2 The arrest was for willful cruelty to a child, inflicting injury upon a child, battery on a peace officer, vandalism, and obstructing/resisting a public officer.

3 Father, who was aware mother had been arrested and the children hospitalized, told an investigating social worker that mother had left home with the children for about a week. He did not know where they went, although he did on one occasion speak with mother on the phone. While they were away, mother’s sister called him and said mother was “out of her mind.” Father believed mother’s weight loss and erratic conduct may have resulted from her use of cocaine. During the last four months, she often left with the children for up to a week without telling him where they were going.

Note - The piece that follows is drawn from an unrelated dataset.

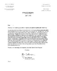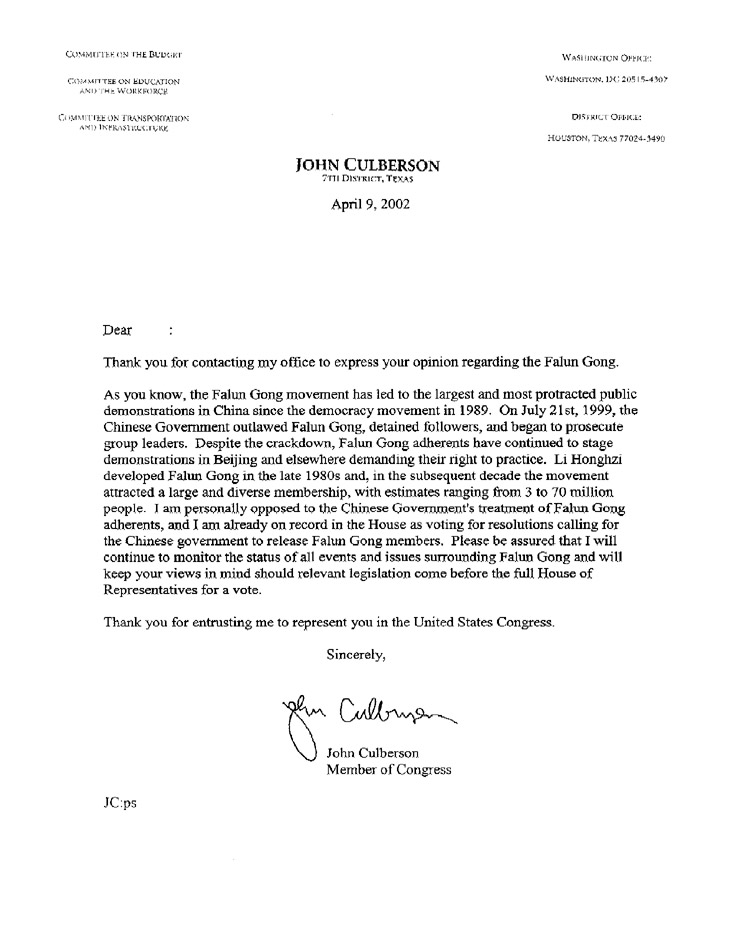 您知道,法轮功运动在中国已成为自1989年民主运动以来最大规模和最持久的公众抗议运动。1999年7月21日,中国(江泽民)政府禁止了法轮功,拘禁法轮功修炼者,并开始起诉法轮功负责人。尽管横遭镇压,法轮功修炼者们仍继续在北京及各地发起(和平)抗议活动,要求修炼的权利。李洪志先生于八十年代末(注:应为九十年代初)推出了法轮功,十年来,该功法吸引了众多来自不同背景的修炼者,据估计其人数达三百万至七千万之多。我本人反对中国(江泽民)政府对法轮功修炼者的不公正对待,我也已在众议院公开投票赞成通过呼吁中国(江泽民)政府释放法轮功修炼者的决议案。敬请放心,我将会一如既往地关注所有有关法轮功的事宜及状况,在众议院有任何相关议案付诸表决时我定会考虑您的意见。

Father believed she could be suffering from schizophrenia or another mental illness and was concerned about the health of the children. Doctors had told him and mother on several occasions that their children were dangerously malnourished, and they had received counseling about how to increase the children’s weight. Father also disclosed that the daughter had been hospitalized for a week for malnutrition two years ago when the family was living in Nevada. Father entered foster care when he was 10 or 11 and later reunified with his mother, but his father was “always gone.” He had five siblings, some of whom suffered from drug addiction, which he said was why he never used drugs, though he does occasionally smoke marijuana and cigarettes. Father took some community college courses and had been steadily employed since high school. At present, he worked for the Marin County Elections Department and was periodically employed as a public school janitor. Father had three other children, paid child support for them, and said he was on good terms with those children and their mothers. He has no criminal history. Father met mother about 10 years ago while working at a grocery store across the street from where she was then living. After the children were

4 born, mother never worked, but stayed home taking care of the children while he paid the bills. Father acknowledged his need to better understand mother’s mental illness to learn when she was able to safely care for their children, and when she was not, and it was necessary for him to intervene to keep them safe. Father said he did not suffer any mental disorder and was not a substance abuser. The investigative social worker was able to engage father in conversation, but was concerned about his seeming inability to see the connection between his own conduct and the health and well-being of his children, and his failure to realize the seriousness of their obvious malnutrition and other serious medical problems. At the time mother was arrested, father had not seen his children for three or four weeks and did not know where they were until mother called after her arrest.